■ **Exercise requirements**
Counting only the lines below that contain the word "handle", what is the total? Give it with no other words.

■ **Records to use**
--------------------
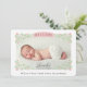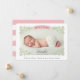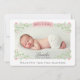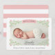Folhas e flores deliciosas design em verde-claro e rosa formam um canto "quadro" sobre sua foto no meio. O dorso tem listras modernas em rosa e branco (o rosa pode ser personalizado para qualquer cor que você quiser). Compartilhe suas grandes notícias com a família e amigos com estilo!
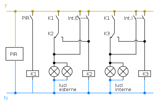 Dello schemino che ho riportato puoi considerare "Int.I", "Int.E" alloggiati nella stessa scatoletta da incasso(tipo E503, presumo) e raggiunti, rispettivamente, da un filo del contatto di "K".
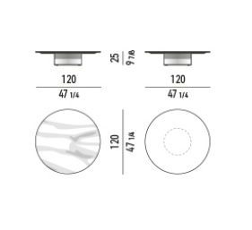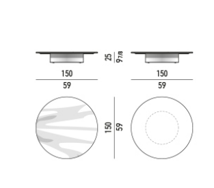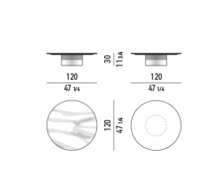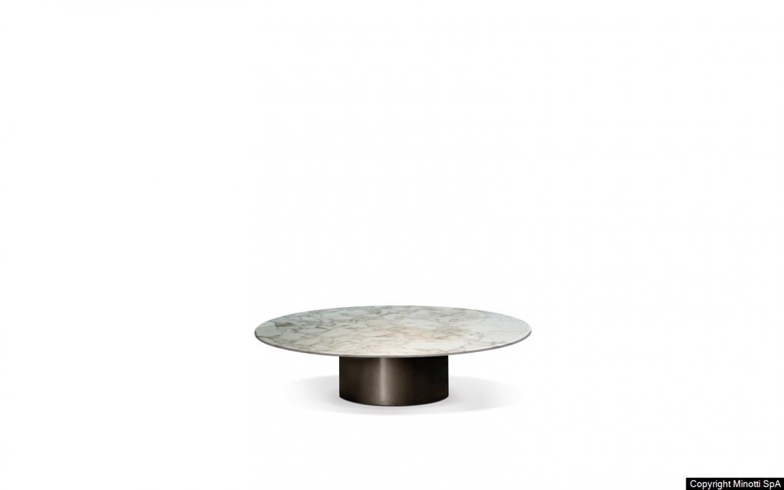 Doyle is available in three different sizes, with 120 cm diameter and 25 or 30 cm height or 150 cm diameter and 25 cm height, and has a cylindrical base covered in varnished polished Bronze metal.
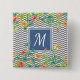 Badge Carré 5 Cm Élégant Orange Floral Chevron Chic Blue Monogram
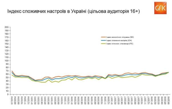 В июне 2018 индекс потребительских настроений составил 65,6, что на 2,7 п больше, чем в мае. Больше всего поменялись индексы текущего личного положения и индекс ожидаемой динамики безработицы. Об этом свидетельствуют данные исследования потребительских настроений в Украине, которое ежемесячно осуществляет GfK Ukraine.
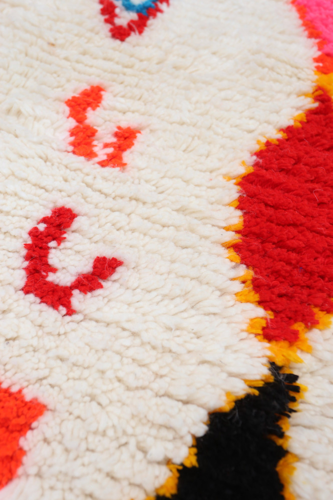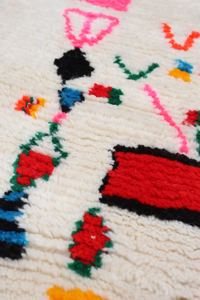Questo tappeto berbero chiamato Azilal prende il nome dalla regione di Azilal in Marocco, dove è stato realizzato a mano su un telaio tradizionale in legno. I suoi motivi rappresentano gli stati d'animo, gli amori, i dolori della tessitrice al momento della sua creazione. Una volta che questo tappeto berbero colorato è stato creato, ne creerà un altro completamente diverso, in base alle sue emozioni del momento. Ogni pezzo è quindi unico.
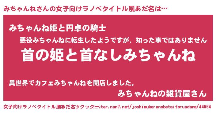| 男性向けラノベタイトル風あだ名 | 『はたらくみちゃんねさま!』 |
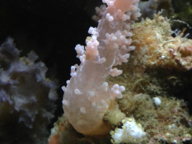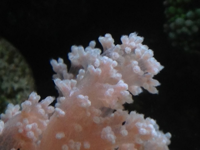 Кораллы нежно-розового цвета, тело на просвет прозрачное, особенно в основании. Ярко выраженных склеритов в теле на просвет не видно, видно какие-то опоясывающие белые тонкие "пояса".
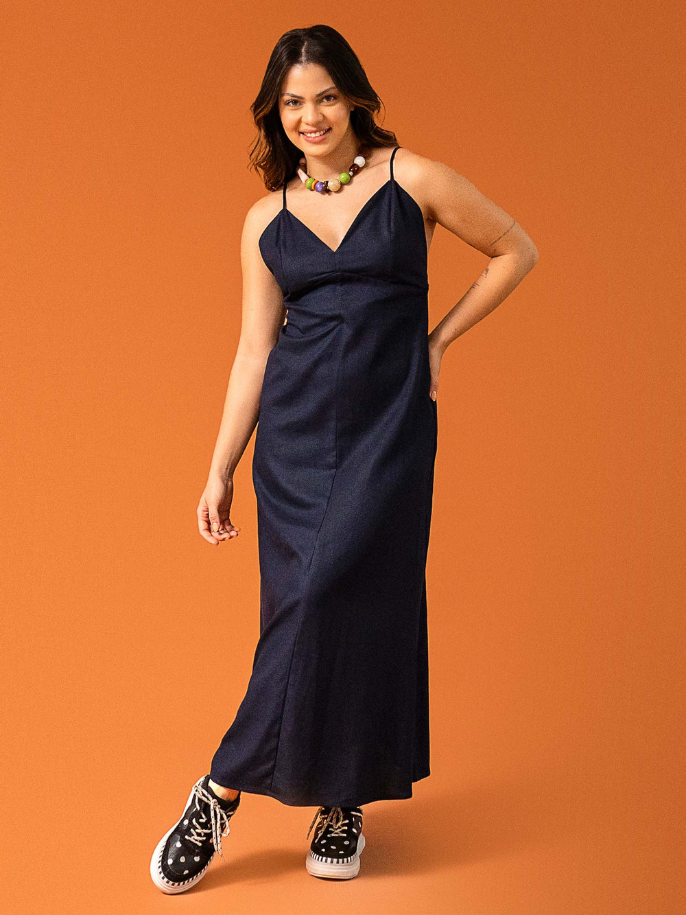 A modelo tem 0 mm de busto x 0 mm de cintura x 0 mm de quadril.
--------------------
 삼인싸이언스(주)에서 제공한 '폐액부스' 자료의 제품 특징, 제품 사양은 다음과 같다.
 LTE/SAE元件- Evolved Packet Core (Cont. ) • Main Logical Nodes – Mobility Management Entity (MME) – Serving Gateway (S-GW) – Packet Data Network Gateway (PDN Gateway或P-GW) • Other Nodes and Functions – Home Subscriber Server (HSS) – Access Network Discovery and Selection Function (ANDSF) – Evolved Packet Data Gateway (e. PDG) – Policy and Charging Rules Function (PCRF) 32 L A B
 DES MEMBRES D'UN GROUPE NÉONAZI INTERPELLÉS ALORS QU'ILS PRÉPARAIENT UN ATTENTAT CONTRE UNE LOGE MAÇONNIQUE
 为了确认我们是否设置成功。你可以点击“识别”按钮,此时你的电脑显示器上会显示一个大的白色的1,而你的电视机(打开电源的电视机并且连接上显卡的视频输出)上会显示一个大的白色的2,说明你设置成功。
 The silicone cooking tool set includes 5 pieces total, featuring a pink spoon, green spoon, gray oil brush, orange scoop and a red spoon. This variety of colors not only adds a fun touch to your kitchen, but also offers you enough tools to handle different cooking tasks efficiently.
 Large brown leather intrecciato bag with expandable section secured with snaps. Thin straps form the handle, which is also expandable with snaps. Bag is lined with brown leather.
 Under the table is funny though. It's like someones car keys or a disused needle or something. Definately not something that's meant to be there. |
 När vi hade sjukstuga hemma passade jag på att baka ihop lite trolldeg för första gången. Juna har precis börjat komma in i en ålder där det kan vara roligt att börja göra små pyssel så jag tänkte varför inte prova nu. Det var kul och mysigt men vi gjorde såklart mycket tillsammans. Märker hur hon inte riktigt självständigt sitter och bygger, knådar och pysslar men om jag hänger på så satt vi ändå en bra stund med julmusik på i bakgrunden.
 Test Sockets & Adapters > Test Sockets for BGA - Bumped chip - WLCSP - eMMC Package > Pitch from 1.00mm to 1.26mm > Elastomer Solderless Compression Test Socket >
--------------------
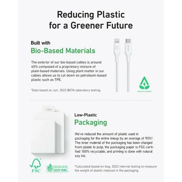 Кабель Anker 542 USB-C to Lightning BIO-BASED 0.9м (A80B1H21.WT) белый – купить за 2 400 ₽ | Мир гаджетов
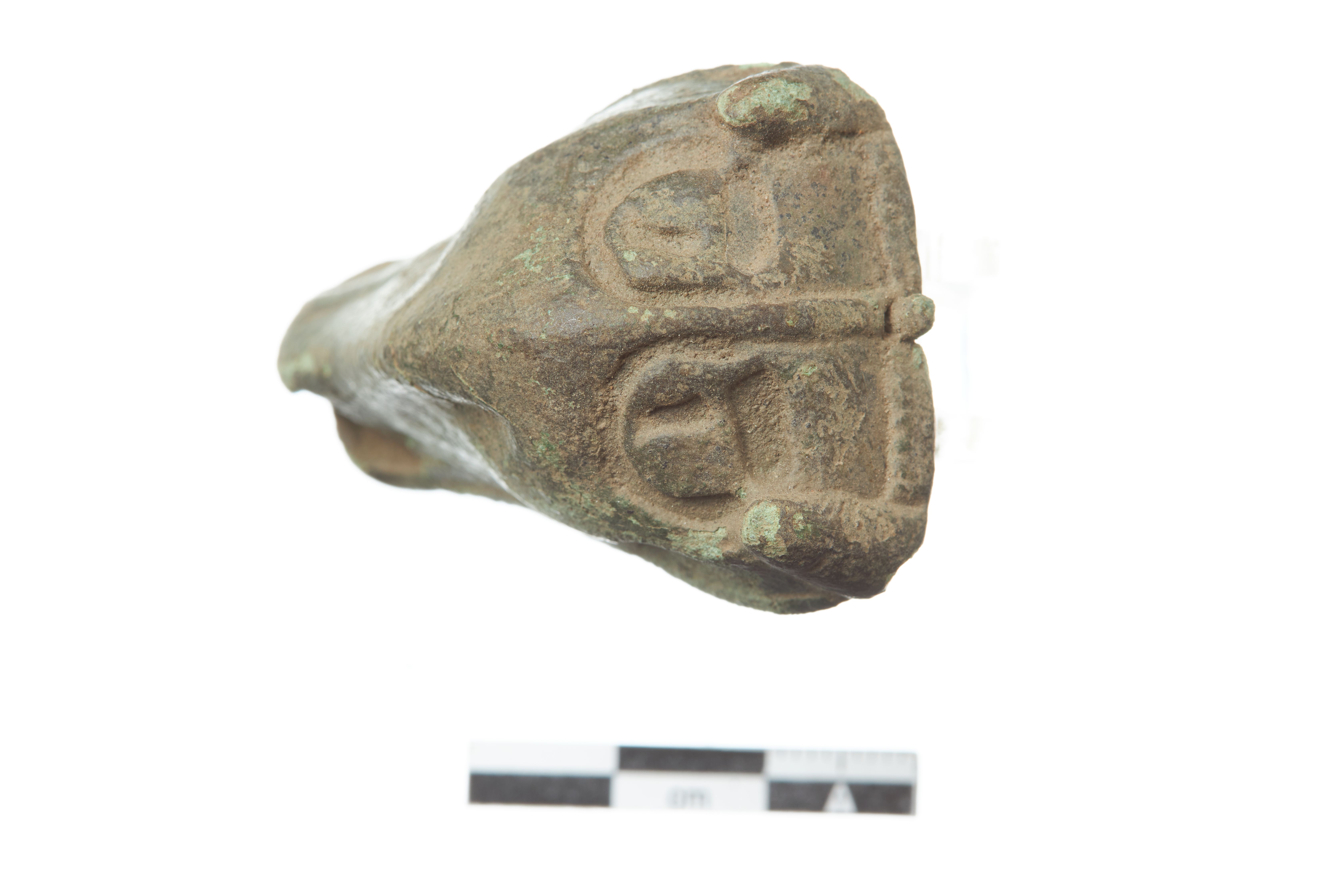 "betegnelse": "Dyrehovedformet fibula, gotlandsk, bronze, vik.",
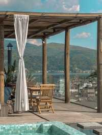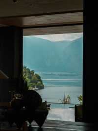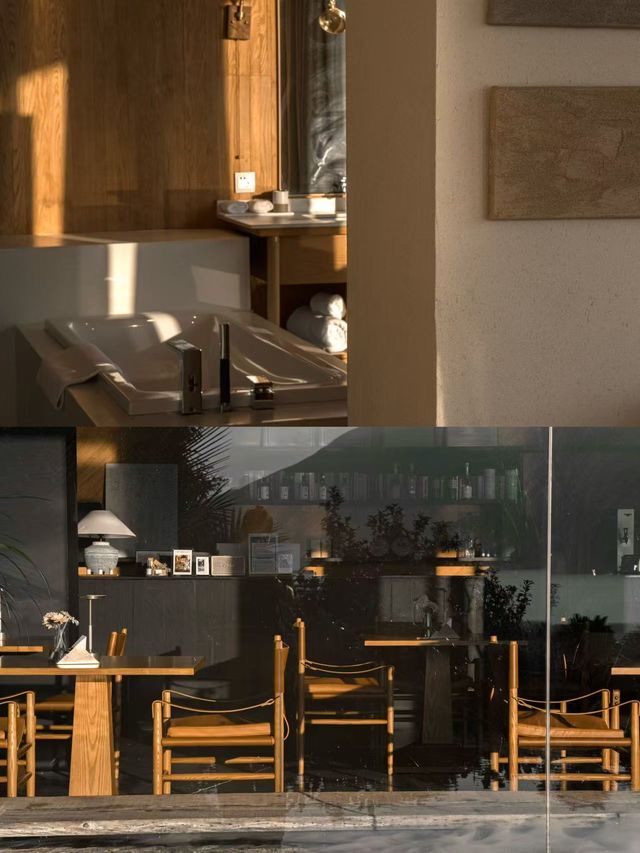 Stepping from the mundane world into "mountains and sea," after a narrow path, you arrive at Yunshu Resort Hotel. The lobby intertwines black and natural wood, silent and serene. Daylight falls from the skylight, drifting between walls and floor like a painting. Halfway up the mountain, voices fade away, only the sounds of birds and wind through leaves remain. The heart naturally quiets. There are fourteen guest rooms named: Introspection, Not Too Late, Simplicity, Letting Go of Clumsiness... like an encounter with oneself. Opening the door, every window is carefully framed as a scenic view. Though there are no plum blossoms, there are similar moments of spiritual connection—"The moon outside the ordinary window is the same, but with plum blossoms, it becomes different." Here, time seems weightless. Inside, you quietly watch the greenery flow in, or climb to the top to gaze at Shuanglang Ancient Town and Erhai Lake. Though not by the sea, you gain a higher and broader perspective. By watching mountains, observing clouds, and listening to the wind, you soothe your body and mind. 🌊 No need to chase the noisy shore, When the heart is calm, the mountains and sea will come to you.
--------------------
■ **Response area**
2